TASK:
Exclude pictures and give again exactly the lines of the listing, beginning with its first line and ending with the one that contains "O crescimento anual".

DATA SHOWN:
* * *
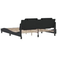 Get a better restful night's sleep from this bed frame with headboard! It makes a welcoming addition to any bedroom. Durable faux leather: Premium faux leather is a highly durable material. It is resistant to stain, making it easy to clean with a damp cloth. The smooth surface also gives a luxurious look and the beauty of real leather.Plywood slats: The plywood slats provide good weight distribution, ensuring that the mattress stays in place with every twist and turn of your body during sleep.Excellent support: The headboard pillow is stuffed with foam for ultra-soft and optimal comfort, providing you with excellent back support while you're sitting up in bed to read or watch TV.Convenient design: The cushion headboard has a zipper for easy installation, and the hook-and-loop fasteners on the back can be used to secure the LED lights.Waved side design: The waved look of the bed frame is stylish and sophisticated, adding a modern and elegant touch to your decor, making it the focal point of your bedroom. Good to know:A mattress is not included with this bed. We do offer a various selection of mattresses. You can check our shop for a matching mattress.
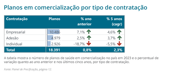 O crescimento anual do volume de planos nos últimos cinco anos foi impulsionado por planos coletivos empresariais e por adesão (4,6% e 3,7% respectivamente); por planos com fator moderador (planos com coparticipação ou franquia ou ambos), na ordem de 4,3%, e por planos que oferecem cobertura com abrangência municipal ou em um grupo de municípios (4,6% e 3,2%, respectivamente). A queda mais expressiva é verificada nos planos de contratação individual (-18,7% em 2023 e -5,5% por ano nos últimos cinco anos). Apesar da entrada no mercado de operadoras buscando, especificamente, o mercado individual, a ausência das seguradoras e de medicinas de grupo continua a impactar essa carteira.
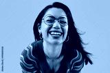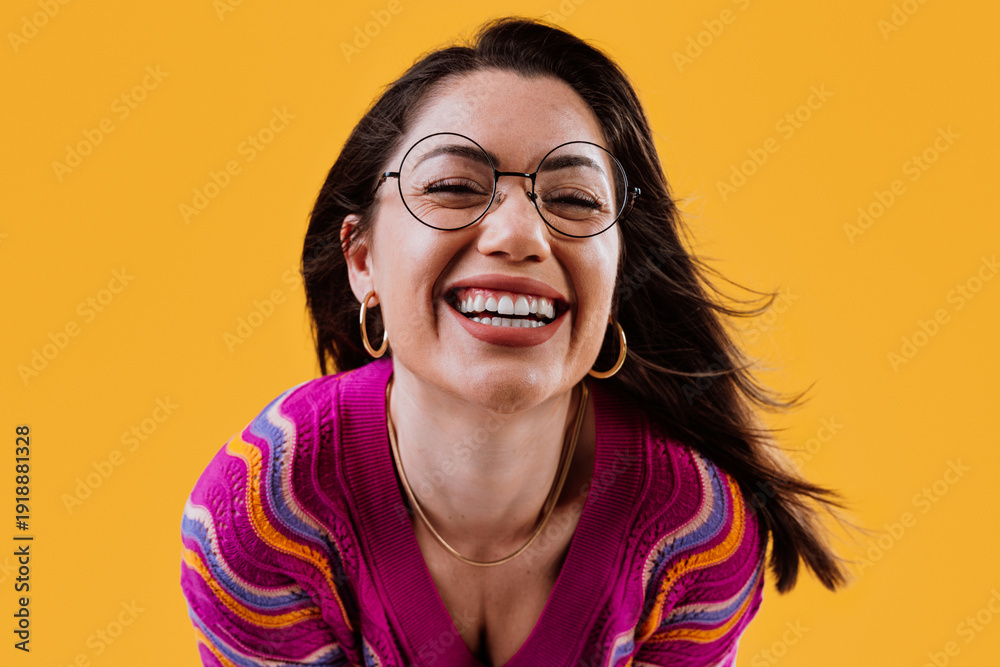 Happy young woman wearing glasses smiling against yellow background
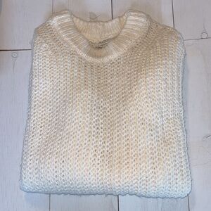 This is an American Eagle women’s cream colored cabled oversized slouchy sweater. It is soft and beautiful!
* * *
TASK OUTPUT:
 Get a better restful night's sleep from this bed frame with headboard! It makes a welcoming addition to any bedroom. Durable faux leather: Premium faux leather is a highly durable material. It is resistant to stain, making it easy to clean with a damp cloth. The smooth surface also gives a luxurious look and the beauty of real leather.Plywood slats: The plywood slats provide good weight distribution, ensuring that the mattress stays in place with every twist and turn of your body during sleep.Excellent support: The headboard pillow is stuffed with foam for ultra-soft and optimal comfort, providing you with excellent back support while you're sitting up in bed to read or watch TV.Convenient design: The cushion headboard has a zipper for easy installation, and the hook-and-loop fasteners on the back can be used to secure the LED lights.Waved side design: The waved look of the bed frame is stylish and sophisticated, adding a modern and elegant touch to your decor, making it the focal point of your bedroom. Good to know:A mattress is not included with this bed. We do offer a various selection of mattresses. You can check our shop for a matching mattress.
 O crescimento anual do volume de planos nos últimos cinco anos foi impulsionado por planos coletivos empresariais e por adesão (4,6% e 3,7% respectivamente); por planos com fator moderador (planos com coparticipação ou franquia ou ambos), na ordem de 4,3%, e por planos que oferecem cobertura com abrangência municipal ou em um grupo de municípios (4,6% e 3,2%, respectivamente). A queda mais expressiva é verificada nos planos de contratação individual (-18,7% em 2023 e -5,5% por ano nos últimos cinco anos). Apesar da entrada no mercado de operadoras buscando, especificamente, o mercado individual, a ausência das seguradoras e de medicinas de grupo continua a impactar essa carteira.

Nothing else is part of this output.